Task brief >> Print the line containing "Nominiert zum Spiel" and all lines after it to the end of the records below, exactly as written. No pictures.

Input records >>
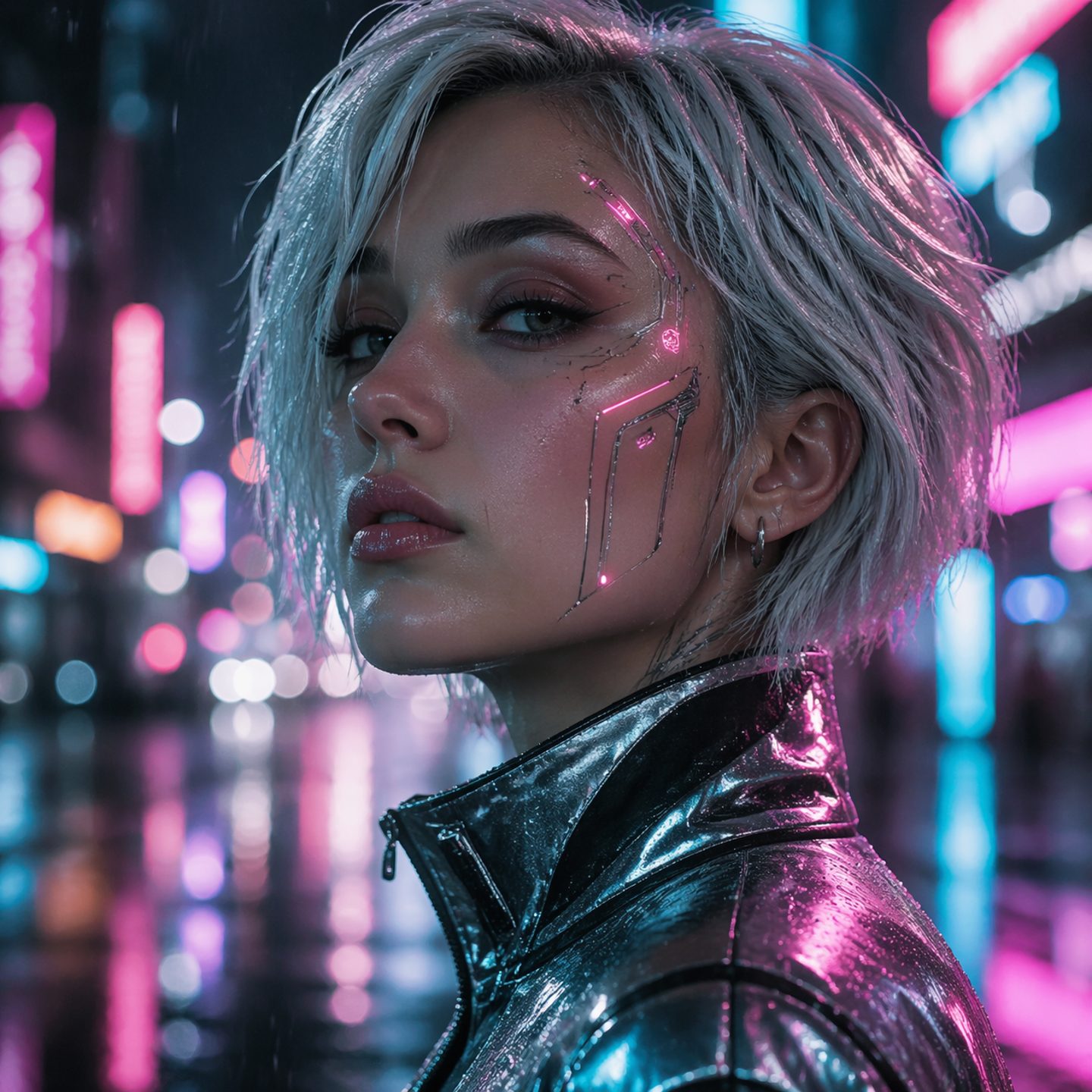 A close-up portrait of a woman with short silver hair in a rain-soaked cyberpunk city at night. Neon signs in pink and teal reflect off wet surfaces and her metallic jacket. Futuristic face implants glow softly beneath the skin. Shot with a wide-aperture lens, bokeh of city lights in the background.
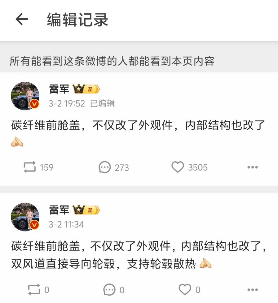 事实上,雷军曾发文,称碳纤维双风道前舱盖不仅改了外观件,内部结构也改了,双风道直接导向轮毂,支持轮毂散热,虽然雷军六小时后续修改了部分表述,但仍承诺了内部结构的改动,由此吸引了大批用户为其支付额外费用。
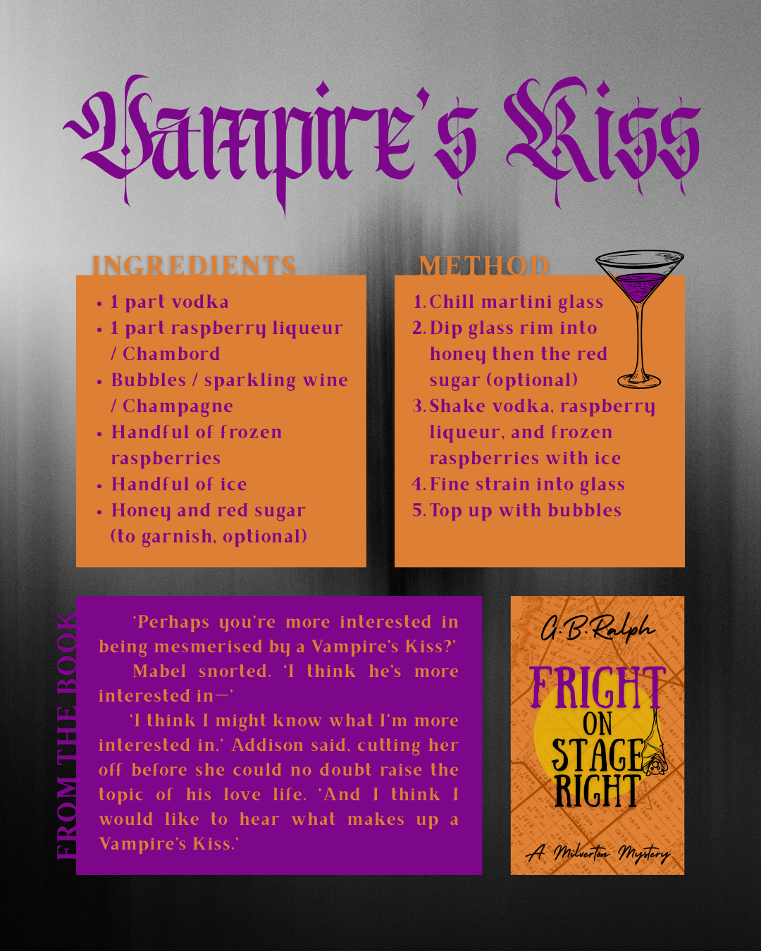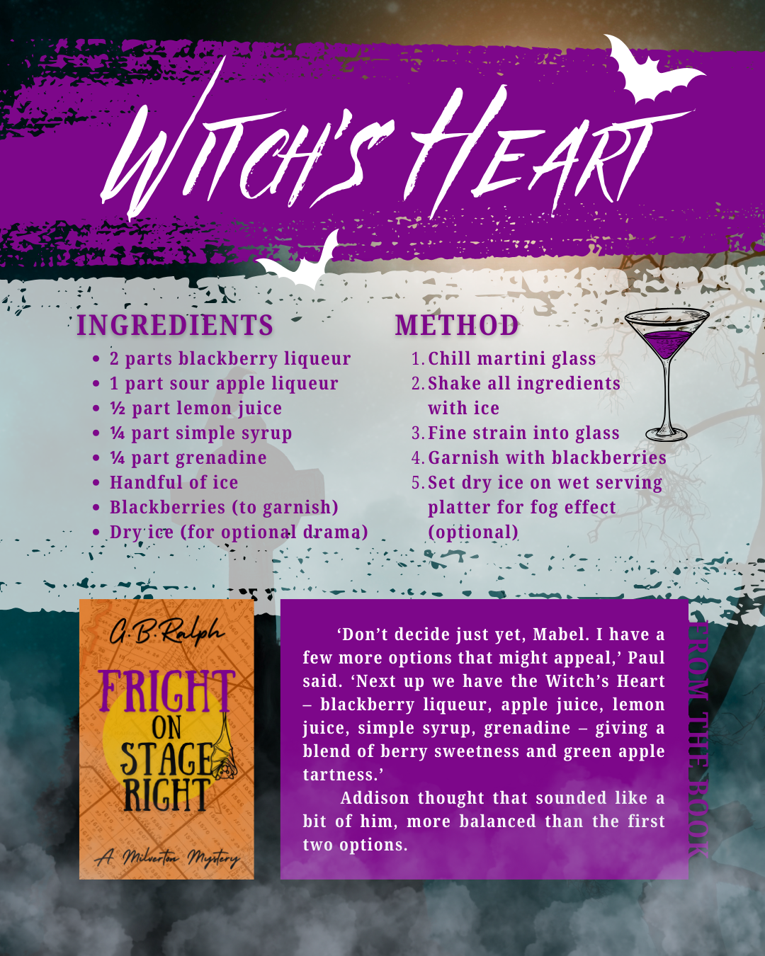 Paul Stewart, owner and head distiller of the Milverton Distilling Company, presented Addison and Mabel a few options at the Halloween night market in Fright on Stage Right. I have collected recipes together for you to try for yourself!
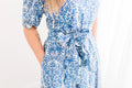 The scalloped sleeves and scalloped waist tie make this dress a show stopper! This dress was handcrafted using block printing by skilled artisans in India. The block printing process may have variations in ink colors due to the handcrafted nature which is what makes each dress unique! Dresses can be machine washed on cool, air dry to preserve the quality of the block printing.
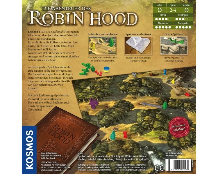 Nominiert zum Spiel des Jahres 2021! England 1193. Die Grafschaft Nottingham leidet unter dem Joch des bösen Prinz John und seiner Handlanger. Ihr schlüpft in die Rollen von Robin Hood und seiner Gefährten Little John, Maid Marian und Will Scarlet. Gemeinsam stellt ihr euch in diesem Spiel dem Unrecht entgegen und kommt dabei einem dunklen Geheimnis auf die Spur. Auf dem großen Spielplan könnt ihr eure Figuren völlig frei bewegen, mit Dorfbewohnern sprechen und Gegenstände erkunden. Stets müsst ihr euch dabei vor den Schergen des Sheriffs von Nottingham in Sicherheit bringen. Aufbauen und losspielen ihr startet sofort ins erste Abenteuer. Das im Brettspiel enthaltene Buch begleitet euch durch die spannende Geschichte. Ein tolles Geschenk nicht nur für Robin-Hood-Fans!
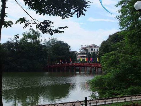 写真はホアンキエム湖という場所です。おだやかで、お散歩コースにはぴったりの場所です。

Task solution >>
 Nominiert zum Spiel des Jahres 2021! England 1193. Die Grafschaft Nottingham leidet unter dem Joch des bösen Prinz John und seiner Handlanger. Ihr schlüpft in die Rollen von Robin Hood und seiner Gefährten Little John, Maid Marian und Will Scarlet. Gemeinsam stellt ihr euch in diesem Spiel dem Unrecht entgegen und kommt dabei einem dunklen Geheimnis auf die Spur. Auf dem großen Spielplan könnt ihr eure Figuren völlig frei bewegen, mit Dorfbewohnern sprechen und Gegenstände erkunden. Stets müsst ihr euch dabei vor den Schergen des Sheriffs von Nottingham in Sicherheit bringen. Aufbauen und losspielen ihr startet sofort ins erste Abenteuer. Das im Brettspiel enthaltene Buch begleitet euch durch die spannende Geschichte. Ein tolles Geschenk nicht nur für Robin-Hood-Fans!
 写真はホアンキエム湖という場所です。おだやかで、お散歩コースにはぴったりの場所です。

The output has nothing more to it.